A Manifesto for World Cricket
Russell Degnan

Previously: Part 1 a b c

Part 1d. Meaningful Cricket

The refrain for the age is the need for "meaningful" cricket. But as DB rightly noted, there is no real way of defining what meaning is. In one sense, all cricket is meaningless, as is all sport, and one suspects, all of life. How can one explore meaning is a mere game when one cannot define it for our very existence. That type of question may well be too deep for what this project, being a practical exposition of the game's strengths and weaknesses, but we might practically draw an answer to meaning from philosophy itself.

Meaning must be, I believe, self-referential; drawing on Descarte's idea that he must exist, because he thinks, we can say the same for cricket: it is meaningful when those involved, both on and off the field think it is meaningful. The question then becomes not existential, but one of motivation: why do players play, and why do fans watch?

The answer, I believe, is best conceived by making the analogy between sport and the narrative that underlies all sports. The most meaningful contest in test cricket today is the Ashes. They have meaning because they are steeped in history, the players play regularly, both team's structure their selections and goals around winning that one contest. There is, therefore, a running narrative surrounding the game, starting in discussions over selection a year or more before, and carried throughout a long five or six test series.

Most other contests are not so lucky. The lamentable 7 match ODI series are forgotten almost before they've finished. Despite their popularity their narrative interest exists only in as much as they relate to selection issues and form leading up to the two tournaments where the trophy counts for something. The cricket, as a spectacle, is not to blame, nor is there too much of it, necessarily. The problem is a lack of over-arching narrative, expressed through overkill of short tournaments.

Other sports do better. Perhaps the most astonishing narrative in international sports concerns the elongated process for FIFA World Cup qualification. Each team undergoes it, sometimes playing teams so poor they would never agree to play if not compelled to, sometimes games with more drama than the best narrated movie plot. Australia's seven consecutive failures, normally at the last hurdle, completely captured a nation largely indifferent to the sport. The World Cup itself was an adventure in itself, but it also finished well before the defining games of the tournament.
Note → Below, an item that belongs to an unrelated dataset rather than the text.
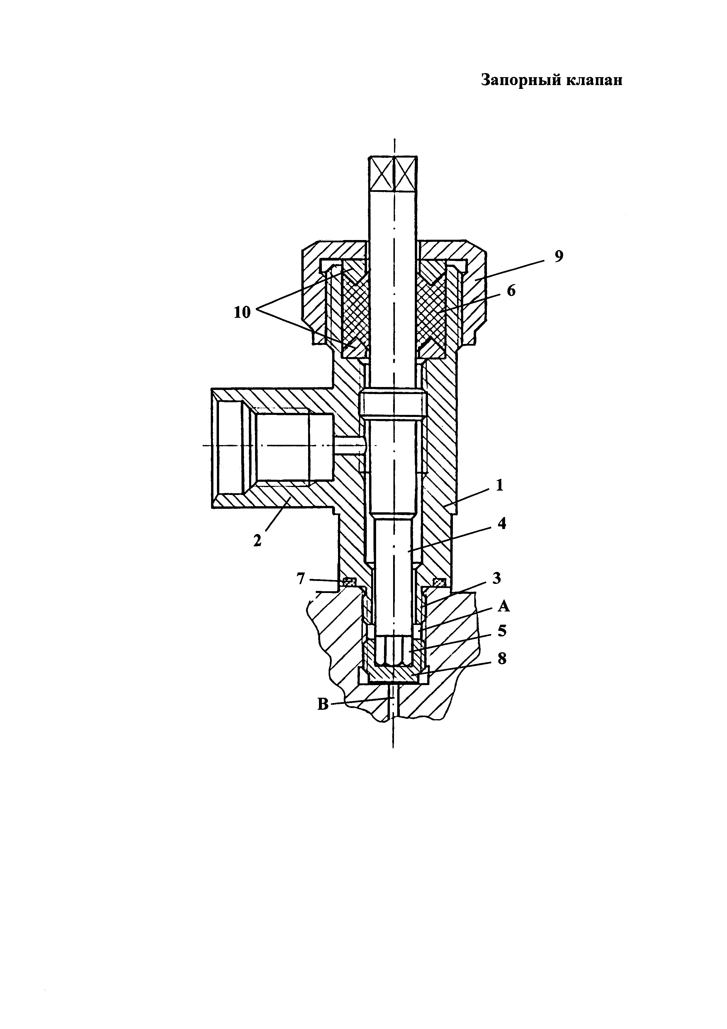 Изобретение относится к криогенной технике и предназначено для перекрытия при вакуумировании и для заправки газообразным криоагентом охладителей. Известен запорный клапан - вентиль запорный (каталог «Микрокриогенная техника», М.: ЦИНТИХИМНЕФТЕМАШ, 1972, стр. 26), содержащий корпус с седлом, шток, выполненный заодно с конусным запирающим элементом, сальниковое уплотнение штока (манжета). Основной недостаток такого вентиля заключается в том, что его нельзя отсоединять после заправки от заправляемого объекта, т.к. запирающий элемент и седло расположены в корпусе самого вентиля. Наиболее близким по технической сущности к предложенному техническому решению является запорный затвор фирмы Leybold (DE), применяющийся для перекрытия откачанного объекта (А. Рот. Вакуумные уплотнения. - М, 1971, стр. 381-382, рис. 6-90), основными частями которого являются корпус и патрубок с фланцем, герметично монтируемый на откачиваемый объект. Корпус затвора имеет два присоединительных патрубка с фланцами (один - для подключения к вакуумному посту, другой - для присоединения к откачиваемому объекту через монтируемый на нем патрубок с фланцем), шток с выполненным на его конце ключом, сальниковое уплотнение штока. В смонтированный на откачиваемый объект патрубок с фланцем вворачивают имеющую углубление под ключ резьбовую втулку с установленным на ней запирающим элементом, ключ осевым усилием на шток вдвигают в углубление втулки, фланцы патрубков корпуса и объекта соединяют между собой через уплотнительное кольцо хомутом, обеспечивая их соосность, проводят операцию вакуумирования, затем, завернув до упора штоком резьбовую втулку, перекрывают запирающим элементом проходное сечение в патрубке объекта, после чего корпус запорного затвора со штоком отсоединяют от объекта. К недостаткам данной конструкции относятся: - применение фланцевых соединений, которые препятствуют миниатюризации как самого затвора, так и объекта, к которому затвор присоединяется; - малое рабочее давление ~0,25 МПа (www.oerlikon.com, Catalog Part Leybold Worldwide, Edition 2013, p. 40), которое не позволяет использовать подобные затворы для заправки охладителей; - необходимость вручную прилагать осевое усилие на шток для преодоления трения штока в сальниковом уплотнении при совмещении ключа штока с углублением втулки. Задачей, на решение которой направлено заявляемое техническое решение, является уменьшение размеров запорного клапана, а также повышение рабочего давления. Поставленная задача решается тем, что в запорном клапане, содержащем корпус с двумя присоединительными патрубками, шток с выполненным на его конце ключом, сальниковое уплотнение штока, кольцо уплотнительное, запирающий элемент с резьбой и углублением под ключ, устанавливаемый в резьбовое заправочное отверстие охладителя, один присоединительный патрубок выполнен в виде муфты, второй - в виде штуцера, часть штока и корпуса выполнена в виде резьбового соединения с шагом резьбы, равным шагу резьбы заправочного отверстия охладителя, а резьба штуцера, равная резьбе заправочного отверстия охладителя, выполнена соосно резьбовому соединению. На фиг. изображен предложенный запорный клапан. Запорный клапан содержит корпус 1 с двумя присоединительными патрубками, один из которых выполнен в виде муфты 2 для присоединения к заправочному стенду (на чертеж

The important point to take from this is that good narratives relate to all teams. It is too much to hang the whole hat of a World Test Championship on the hats of the top contenders. Meaning for the ranks of second tier test teams, and more importantly, the aspirational associate nations, depends on finding a path that plays tem to the highest level, gives them scope for unlikely progression, historic upsets, and ultimately, in the interests of even competition and financial gain, their disappearance when the business end of the tournament concludes.

Meaning therefore, demands the best possible set of narratives, for each team, the elimination of games that lack meaning - the short bilateral tours that lack history or rivalry - and the development of a new format that develops its own twists and turns as the season(s) progress.

Mooted plans for a tiered system of test cricket, with home and away fixtures between a limited number of nations, and relegation every year or two allow this, to an extent, because there is a lead-up to a final, or competition winner. But it is not the only possible narrative format, and I don't believe the best one, leaving aside the deeper issues that are preventing it from gaining broader acceptance. Nevertheless, meaning, to me, means having a narrative, that puts each game into a context, whether that context is a tournament, or what is possibly the world's longest running sporting rivalry.